(Supplied data):
*** Block opens ***
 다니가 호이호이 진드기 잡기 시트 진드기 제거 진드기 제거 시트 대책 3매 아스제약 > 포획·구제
*** Block closes ***
*** Block opens ***
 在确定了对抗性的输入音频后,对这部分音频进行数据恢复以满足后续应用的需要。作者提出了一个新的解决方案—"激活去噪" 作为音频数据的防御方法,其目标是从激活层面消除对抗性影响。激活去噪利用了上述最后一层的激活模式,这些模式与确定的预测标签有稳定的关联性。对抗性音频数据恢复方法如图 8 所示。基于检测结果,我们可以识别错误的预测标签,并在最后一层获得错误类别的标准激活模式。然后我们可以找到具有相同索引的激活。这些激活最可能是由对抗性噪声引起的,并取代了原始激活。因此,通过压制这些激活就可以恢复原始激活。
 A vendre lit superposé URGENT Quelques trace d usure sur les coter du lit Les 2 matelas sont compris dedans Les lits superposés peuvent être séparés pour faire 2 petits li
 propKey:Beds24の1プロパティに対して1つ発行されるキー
*** Block closes ***
*** Block opens ***
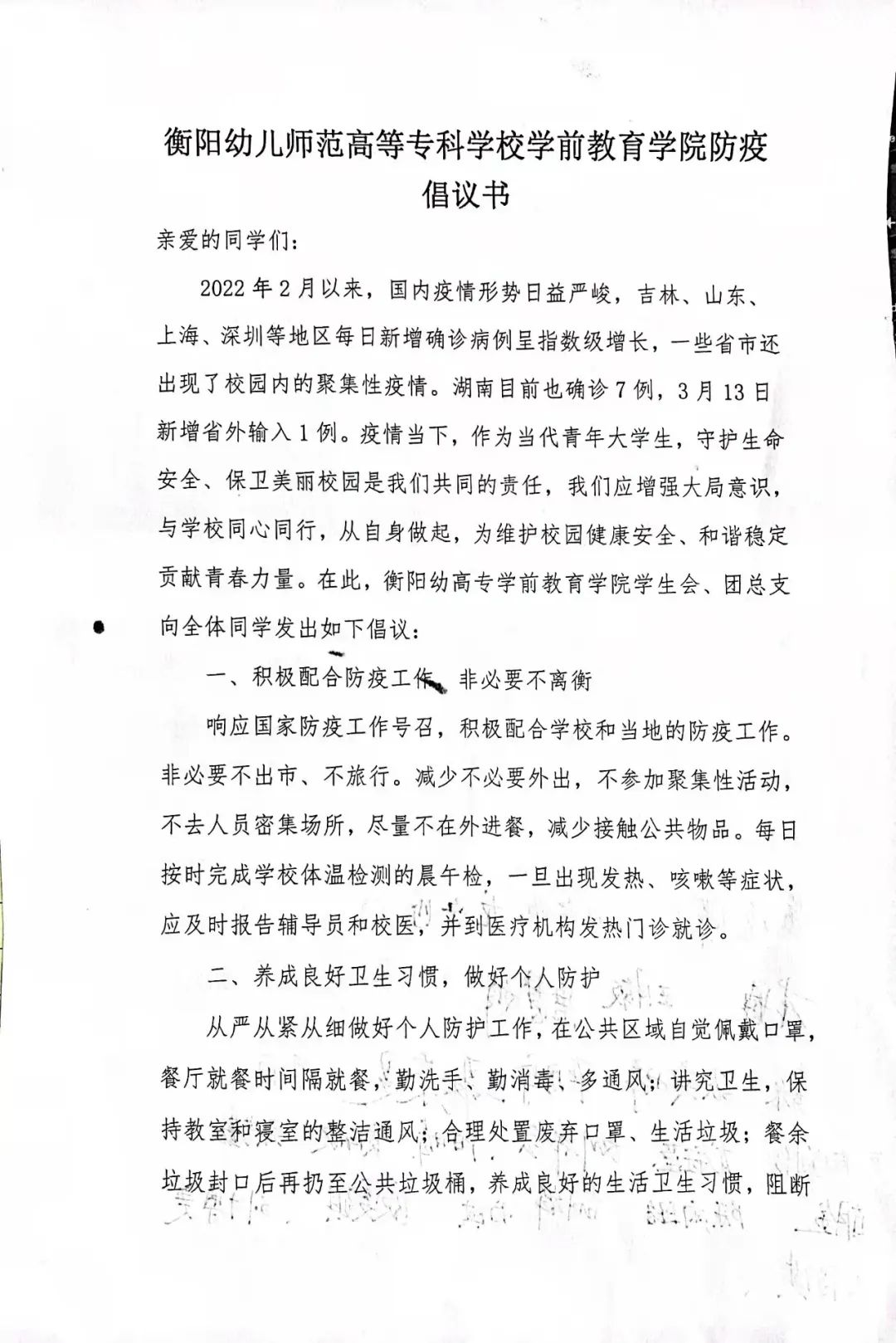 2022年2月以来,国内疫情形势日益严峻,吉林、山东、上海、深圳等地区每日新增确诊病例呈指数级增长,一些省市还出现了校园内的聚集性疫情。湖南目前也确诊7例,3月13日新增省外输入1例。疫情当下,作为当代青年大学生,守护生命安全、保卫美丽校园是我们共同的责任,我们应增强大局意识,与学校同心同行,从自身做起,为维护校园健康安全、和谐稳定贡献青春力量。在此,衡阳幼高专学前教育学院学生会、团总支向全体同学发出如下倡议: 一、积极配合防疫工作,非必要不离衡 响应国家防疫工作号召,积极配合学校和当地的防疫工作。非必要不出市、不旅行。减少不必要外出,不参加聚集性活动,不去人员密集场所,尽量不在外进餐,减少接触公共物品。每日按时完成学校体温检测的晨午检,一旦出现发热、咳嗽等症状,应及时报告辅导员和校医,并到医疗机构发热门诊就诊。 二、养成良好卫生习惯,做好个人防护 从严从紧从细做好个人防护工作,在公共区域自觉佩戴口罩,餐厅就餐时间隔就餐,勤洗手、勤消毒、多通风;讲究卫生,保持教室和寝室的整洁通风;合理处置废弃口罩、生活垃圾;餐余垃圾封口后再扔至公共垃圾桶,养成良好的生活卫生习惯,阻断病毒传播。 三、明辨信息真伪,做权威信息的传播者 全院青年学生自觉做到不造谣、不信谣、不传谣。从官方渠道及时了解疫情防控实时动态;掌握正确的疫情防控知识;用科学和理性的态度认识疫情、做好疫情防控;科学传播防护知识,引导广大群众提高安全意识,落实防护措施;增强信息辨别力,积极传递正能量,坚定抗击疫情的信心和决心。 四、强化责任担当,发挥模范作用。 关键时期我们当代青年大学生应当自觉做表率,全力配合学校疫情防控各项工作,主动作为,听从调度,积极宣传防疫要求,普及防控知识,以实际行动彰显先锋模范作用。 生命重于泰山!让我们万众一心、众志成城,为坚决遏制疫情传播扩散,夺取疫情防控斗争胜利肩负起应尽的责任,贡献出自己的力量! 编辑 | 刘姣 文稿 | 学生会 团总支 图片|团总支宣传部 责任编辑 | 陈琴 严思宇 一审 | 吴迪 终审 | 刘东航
*** Block closes ***
(Exercise details): Of the entries above, repeat exactly the lines between the line with "A vendre lit" and the line with "propKey:Beds24の1プロパティに対して1つ発行されるキー", inclusive, and no others.

(Exercise result):
 A vendre lit superposé URGENT Quelques trace d usure sur les coter du lit Les 2 matelas sont compris dedans Les lits superposés peuvent être séparés pour faire 2 petits li
 propKey:Beds24の1プロパティに対して1つ発行されるキー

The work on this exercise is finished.